To separate the DNA fragments based on their Molecular weight.
Agarose gel electrophoresis is the easiest and most popular way of separating and analyzing DNA. Here DNA molecules are separated on the basis of charge by applying an electric field to the electrophoretic apparatus. Shorter molecules migrate more easily and move faster than longer molecules through the pores of the gel and this process is called sieving. The gel might be used to look at the DNA in order to quantify it or to isolate a particular band. The DNA can be visualized in the gel by the addition of ethidium bromide.
Agarose is a polysaccharide obtained from the red algae Porphyra umbilicalis. Its systematic name is (1 4)-3, 6-anhydro-a-L-galactopyranosyl-(1 3)-β-D-galactopyranan. Agarose makes an inert matrix. Most agarose gels are made between 0.7% and 2% of agarose. A 0.7% gel will show good separation for large DNA fragments (5-10kb) and a 2% gel will show good resolution for small fragments with size range of 0.2-1kb. Low percentage gels are very weak (Note:- it may break when you lift them) but high percentage gels are usually brittle and do not set evenly. The volume of agarose required for a minigel preparation is around 30-50ml and for a larger gel, it is around 250ml.
Structure of agarose
Factors Affecting the Movement of DNA:
The migration rate of the linear DNA fragments through agarose gel is proportional to the voltage applied to the system. As voltage increases, the speed of DNA also increases. But voltage should be limited because it heats and finally causes the gel to melt.

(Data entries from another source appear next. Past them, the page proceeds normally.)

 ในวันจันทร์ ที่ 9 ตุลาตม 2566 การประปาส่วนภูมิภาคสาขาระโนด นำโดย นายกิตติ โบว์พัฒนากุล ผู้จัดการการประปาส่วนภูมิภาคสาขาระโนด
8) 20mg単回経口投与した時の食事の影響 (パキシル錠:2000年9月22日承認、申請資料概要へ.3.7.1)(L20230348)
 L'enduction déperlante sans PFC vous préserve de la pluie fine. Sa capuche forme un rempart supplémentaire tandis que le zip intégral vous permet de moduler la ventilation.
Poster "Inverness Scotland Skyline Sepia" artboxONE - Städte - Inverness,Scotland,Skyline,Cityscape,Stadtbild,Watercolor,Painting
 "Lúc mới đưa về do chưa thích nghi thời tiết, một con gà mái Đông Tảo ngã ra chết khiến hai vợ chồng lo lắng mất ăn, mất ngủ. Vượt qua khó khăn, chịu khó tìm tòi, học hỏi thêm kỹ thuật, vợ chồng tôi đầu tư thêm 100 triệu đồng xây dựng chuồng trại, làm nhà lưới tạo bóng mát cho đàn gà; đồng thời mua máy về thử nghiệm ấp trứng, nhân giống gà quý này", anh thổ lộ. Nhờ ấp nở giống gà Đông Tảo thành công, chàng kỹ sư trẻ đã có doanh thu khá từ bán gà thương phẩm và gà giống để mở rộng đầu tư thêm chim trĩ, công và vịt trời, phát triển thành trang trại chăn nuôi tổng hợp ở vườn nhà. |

It is an intercalating agent which intercalates between nucleic acid bases and allows the convenient detection of DNA fragments in gel. When exposed to UV light, it will fluoresce with an orange colour. After the running of DNA through an EtBr-treated gel, any band containing more than ~20 ng DNA becomes distinctly visible under UV light. EtBr is a known "mutagen", however, safer alternatives are available. It can be incorporated with agarose gels or DNA samples before loading, for visualization of the fragments. Binding of Ethidium bromide to DNA alters its mass and rigidity, and thereby its mobility.

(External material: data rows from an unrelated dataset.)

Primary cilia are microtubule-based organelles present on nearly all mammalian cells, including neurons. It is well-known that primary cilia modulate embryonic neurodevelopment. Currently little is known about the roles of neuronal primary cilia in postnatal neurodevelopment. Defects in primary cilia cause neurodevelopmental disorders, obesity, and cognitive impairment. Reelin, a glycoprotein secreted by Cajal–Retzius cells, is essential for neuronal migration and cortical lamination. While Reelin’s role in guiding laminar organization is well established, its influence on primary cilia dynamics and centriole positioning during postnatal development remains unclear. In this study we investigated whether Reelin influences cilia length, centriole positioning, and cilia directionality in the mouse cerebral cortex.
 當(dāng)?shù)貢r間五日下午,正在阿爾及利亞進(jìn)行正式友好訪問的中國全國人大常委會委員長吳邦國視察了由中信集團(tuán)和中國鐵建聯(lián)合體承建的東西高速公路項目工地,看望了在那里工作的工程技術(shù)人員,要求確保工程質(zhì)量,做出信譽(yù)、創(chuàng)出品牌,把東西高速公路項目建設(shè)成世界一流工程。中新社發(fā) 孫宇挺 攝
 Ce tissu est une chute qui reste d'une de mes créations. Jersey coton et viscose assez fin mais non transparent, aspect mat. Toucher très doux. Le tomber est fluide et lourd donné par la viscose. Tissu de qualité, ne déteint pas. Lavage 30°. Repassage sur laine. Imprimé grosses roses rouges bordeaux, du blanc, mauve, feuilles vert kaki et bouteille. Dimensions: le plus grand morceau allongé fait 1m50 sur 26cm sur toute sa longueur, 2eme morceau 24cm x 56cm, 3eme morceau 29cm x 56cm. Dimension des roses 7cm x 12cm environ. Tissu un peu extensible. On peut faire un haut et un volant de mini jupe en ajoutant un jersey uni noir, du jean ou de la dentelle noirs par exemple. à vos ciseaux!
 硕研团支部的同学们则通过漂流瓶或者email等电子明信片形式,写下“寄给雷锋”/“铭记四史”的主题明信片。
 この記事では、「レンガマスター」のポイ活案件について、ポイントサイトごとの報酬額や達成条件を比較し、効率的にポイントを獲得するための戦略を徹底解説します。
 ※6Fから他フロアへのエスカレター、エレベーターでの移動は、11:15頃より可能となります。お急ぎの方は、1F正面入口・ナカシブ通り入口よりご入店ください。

Several different buffers have been recommended for electrophoresis of DNA. The most commonly used buffers are Tris-acetate-EDTA (TAE) and Tris-borate-EDTA( TBE). The migration rate of DNA fragments in both of these buffers is somewhat different due to the differences in ionic strength. These buffers provide the ions for supporting conductivity.
Conformation of DNA
DNA with different conformations that has not been cut with a restriction enzyme will migrate with different speeds. Nicked or open circular DNA will move slowly than linear and super coiled DNA (slowest to fastest: nicked or open circular, linear, or super coiled plasmid). Super helical circular, nicked circular and linear DNAs migrate gels at different rates through agarose gel. The relative nobilities of these three forms depend on the concentration, type of agarose used to make the gel, applied voltage, buffer, and the density of super helical twists.